Os democrata-radicais do século XIX tomam como ponto de partida a afirmação do próprio Maquiavel de que seus ensinamentos foram extraídos do estudo atento da história. O maquiavelismo seria, assim, a prática política corrente entre os poderosos de todos os tempos. Criadores e detentores das técnicas de dominação não precisariam jamais de lições; Maquiavel teria então, como objetivo, não ensinar a eles, mas ao povo. Na impossibilidade de dirigir-se diretamente ao seu público, teria optado por desmistificar o poder, despojando-o de toda moralidade aparente através da crua revelação dos procedimentos e técnicas utilizadas em sua conservação por parte dos governantes.

Ainda no século XIX, o autor de O Príncipe será transformado em herói nacional pelo movimento de unificação da Itália, o Risorgimento.
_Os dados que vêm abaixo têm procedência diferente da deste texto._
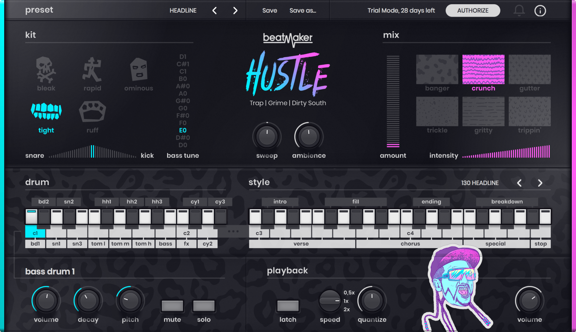 Fai suonare subito la tua produzione come I famosi produttori di Atlanta – casse booming, Hi-hat e rullanti. HUSTLE cattura lo spirito del genere – suoni, pattern e mix. Utilizza una combinazione virtualmente illimitata di beats credibili ispirati alla leggendaria Roland TR-808. I preset di mix offrono una grande varietà di carattertiche sonore che possono essere usate a piacere e adattare HUSTLE al tuo mix, con un suono autentico e “fat”.

Antes, ninguém como Maquiavel tinha se batido pela transformação da península italiana numa grande nação.

No começo do século XX as discrepâncias quanto ao entendimento da obra do diplomata florentino permitirão o aparecimento de várias interpretações, sensivelmente divergentes. Mussolini (1883-1945) o transformará em precursor do fascismo e Gramsci (1891-1937), marxista, assimilará ao príncipe ideal renascentista o partido do proletariado, como instrumento contemporâneo de sua vontade e ação coletiva.


Maquiavel na Atualidade

Modernamente, os estudos têm procurado romper com a tradição de crítica do ponto de vista moral, ou com a utilização da obra de Maquiavel como instrumento ideológico. Procura-se mais amplamente determinar a contribuição específica que ele deu à história das idéias, especialmente aquilo que se refere aos domínios pertencentes à ciência política.

A tendência é não mais ver o pensamento de Maquiavel como geometria euclidiana da política eterna, mas como pensamento de seu tempo. Por outro lado, o problema da existência ou não de unidade intrínseca entre seus diversos escritos – especialmente os Discursos Sobre a Primeira Década de Tito Lívio e O Príncipe – não é avaliado segundo as disputas filosóficas que propiciou. O maquiavelismo antecede a Maquiavel como repositório de práticas que informavam a ação dos detentores do poder; ele simplesmente teria sistematizado esse conhecimento, transformando-o em engenharia operacional de governo. Nela não haveria lugar para a moral, e o amoralismo dos meios não prejudicaria os resultados se estes são bons. Voltado para a história, Maquiavel teria aprendido que as grandes obras humanas, como a criação de Estados e religiões, impuseram aos fundadores o uso de todos os recursos. E o que fez foi simplesmente aceitar essa realidade como um dado concreto e definidor da natureza humana.

É lícito discordar dessas idéias, mas é difícil demonstrar que o convívio político entre os homens tenha sido outro. Se existem boas teorias políticas, a prática é sempre diferente. Maquiavel simplesmente fez da prática uma teoria. O enunciado brutal dos princípios do maquiavelismo, com sua chocante amoralidade, explicitaria a realidade interna do poder político. E isso talvez seja uma contribuição não pequena para a superação desse amoralismo.